(Dow Jones) When it comes to gold, financial advisors are finding themselves in an all-too-familiar role: that of mom and dad slapping hands away from the cookie jar.

The precious metal has enjoyed a big run up, gaining about 25% in the past year. Such price spikes often create a ticklish situation for advisors: They think about selling just as clients want to buy.

"I am not a gold bug, but I have a couple of clients that have just insisted," says Jim Heitman, a financial planner in Alta Loma, Calif. "Even as they objectively recognize the threat of a bubble they just don't seem to care."

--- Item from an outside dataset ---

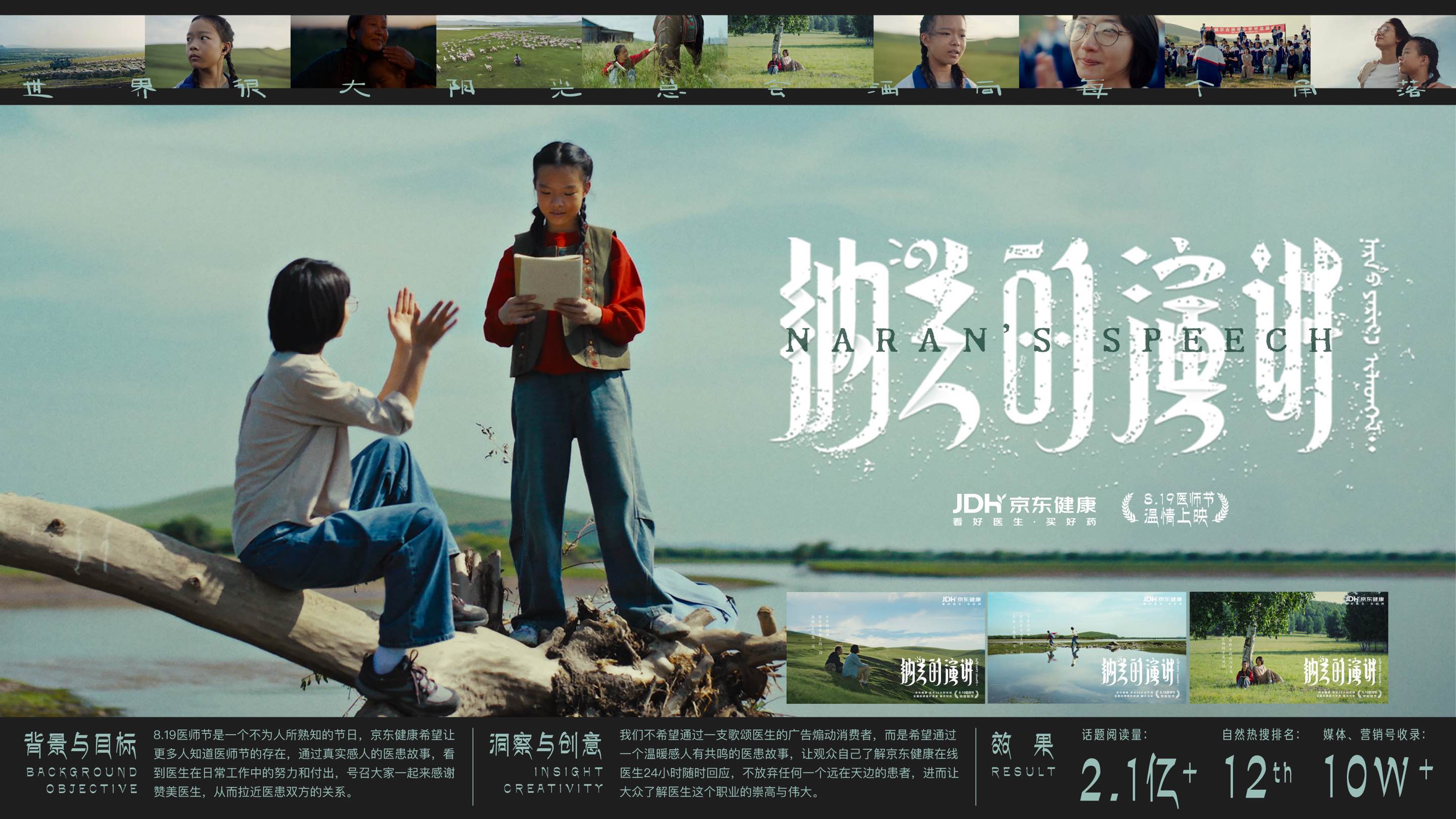 我们选取了京东健康上的真实医患案例,将其改编为短片《纳兰的演讲》,这个故事与心理疾病相关,很好地体现了互联网医院在促进医疗资源普及方面的价值。

Heitman says he sometimes uses commodity-sensitive stock funds such as PowerShares Dynamic Basic Materials Sector ETF (PYZ) but doesn't like making direct bets on a single commodity like gold. To clients that walk in the door craving gold, he makes two arguments: In the long-term, gold prices merely keep pace with inflation, and investors should concentrate instead on their broader goals like what kind of income they'd like to generate.

For those that won't be swayed, he points toward SPDR Gold Trust (GLD), but he keeps the exchange-traded fund at no more than 5% of their overall portfolios.

Trying to talk clients out of hot investments is nothing new for financial advisors. In some ways, advisors say, the gold boom is easier to deal with than past spikes like the Internet stock bubble in the late 1990s, an event that still looms large in many imaginations.

The Internet bubble proved to be the cap on a 20-year bull market that had many investors feeling invincible. After the market crash that rocked Wall Street in 2008, no one is feeling that way.

Vancouver, Wash.-financial advisor George Middleton says the current fascination with gold began in 2009, spurred in part by desire for a safe harbor. As the price of gold has climbed steadily, investors have remained interested, if not always for the same reasons. While many of his clients own iShares Gold Trust (IAU), he's been selling small lots to keep the metal from becoming too big a part of their portfolios.

Clients "check to make sure they own it, then they ask should I buy more?" says Middleton. "The answer is usually, 'No.'"

Financial advisor Bob Kargenian, in Orange, Calif., has gone a step further and begun to sell. For instance, for his moderately aggressive clients, he's cut exposure to Van Eck International Investors Gold Fund, a mutual fund that focuses on gold miners, to about 1.8% of investment portfolios from about 3.5% at the end of September.